The MCQ: A attribute, presuming different values among different people in different times or places, known as; "Research Hypothesis" App Download (Free) with answers: Symbol; Attribute; Scientific; Variable; to study MSc in psychology courses. Practice Research Hypothesis Quiz Questions , download Apple e-Book (Free Sample) for accelerated bachelors degree online.

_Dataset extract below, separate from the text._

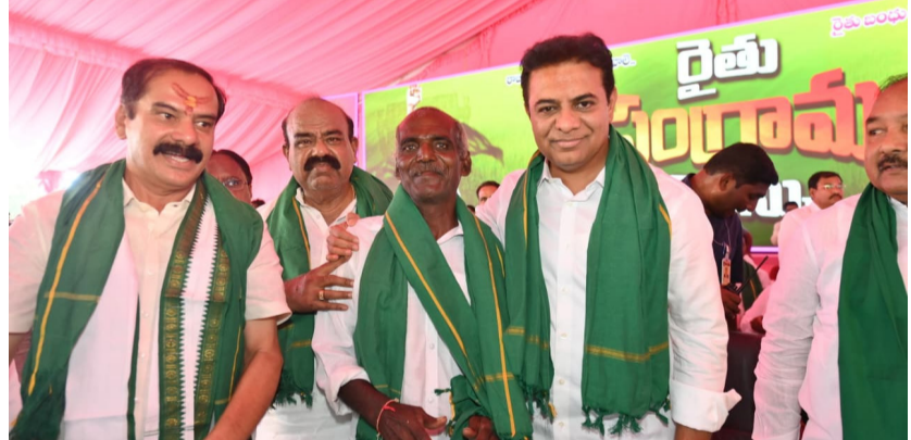
వరంగల్ వేదికగా బీఆర్ఎస్ ఆధ్వర్యంలో జరిగిన రైతు సంగ్రామ సదస్సు రాజకీయ వేడిని మరింత పెంచింది. ఈ కార్యక్రమంలో బీఆర్ఎస్ కార్యనిర్వహక అధ్యక్షుడు కేటీఆర్ పాల్గొని రాష్ట్ర ప్రభుత్వంతో పాటు కాంగ్రెస్ పై తీవ్రస్థాయిలో విమర్శలు చేశారు. రైతు సమస్యలు, హోమీలు అమలు, సంక్షేమ పథకాలపై ఆయన చేసిన వ్యాఖ్యలు రాజకీయ పర్జాల్లో చర్చనీయాంశంగా మారాయి. సదస్సులో మాట్లాడిన కేటీఆర్, రైతు డిక్లరేషన్ పేరుతో కాంగ్రెస్ పార్టీ ప్రజలను మోసం చేసిందని ఆరోపించారు. ఎన్నికల సమయంలో రైతులకు 34 హోమీలు ఇచ్చినప్పటికీ, అధికారంలోకి వచ్చిన తర్వాత వాటిలో ఒక్కటి అమలు చేయలేదని ఆయన విమర్శించారు. రైతుల నమ్మకాన్ని దెబ్బతీసే విధంగా కాంగ్రెస్ వ్యవహరించిందని ఆయన వ్యాఖ్యానించారు. కాంగ్రెస్ పార్టీ గత ఆరు దశాబ్దాల పాలనలో రైతుల సమస్యలను పట్టించుకోలేదని కేటీఆర్ ఆరోపించారు. రైతుల రక్తం తాగిన ..మిగతా 2లో

బీఆర్ఎస్ వర్కింగ్ ప్లెనీ కేటీఆర్ వరంగల్ లో బీఆర్ఎస్ ఆధ్వర్యంలో రైతు సంగ్రామ సదస్సు నిర్వహణ సదస్సులో పాల్గొని కాంగ్రెస్ పై తీవ్ర స్థాయిలో విరుచుకుపడ్డ కేటీఆర్ రైతు డిక్లరేషన్ పేరిటో నయవంచనకు పాల్పడిందని ఆరోపణ కాంగ్రెస్ 34 హోమీలు ఇచ్చి పవీ అమలు చేయలేదని వ్యాఖ్య 60 ఏళ్ల పాలనలో రైతులకు నష్టం జరిగిందని ఘాటు విమర్శ రైతు మేళా కాదు దగా మేళా అని కేటీఆర్ వ్యాఖ్య రైతు బంధు పేరును మార్చే ప్రయత్నాలు జరుగుతున్నాయని ఆరోపణ రైతు డబ్బులు రాజకీయ ప్రయోజనాలకు మళ్లించారని వ్యాఖ్య ముఖ్యమంత్రి పదవిపై కూడా తీవ్ర విమర్శలు చేసిన కేటీఆర్ కాంగ్రెస్ పాలనపై రాజకీయంగా ఎదురుదాడి పెంచిన బీఆర్ఎస్ హైదరాబాద్, (డిడి9 వార్త):

Research Hypothesis MCQs: Questions and Answers PDF Download

A theoretical ideas that form the basis of research hypothesis is:

Research hypothesis
Research analysis
Conceptual variables
Composed data

A attribute, presuming different values among different people in different times or places, known as:

The concept which form the basis of a research hypothesis are known as:

Research Method
Theory of organisms

A concrete statement, prediction of what may happen in a study, termed as:

Research Tools

A variables that consisting of a numbers that represent the conceptual variables are known as:

Measured variables
Non vulnerable variables

Introduction To Psychology Practice Tests

Research hypothesis learning app: free download android & ios.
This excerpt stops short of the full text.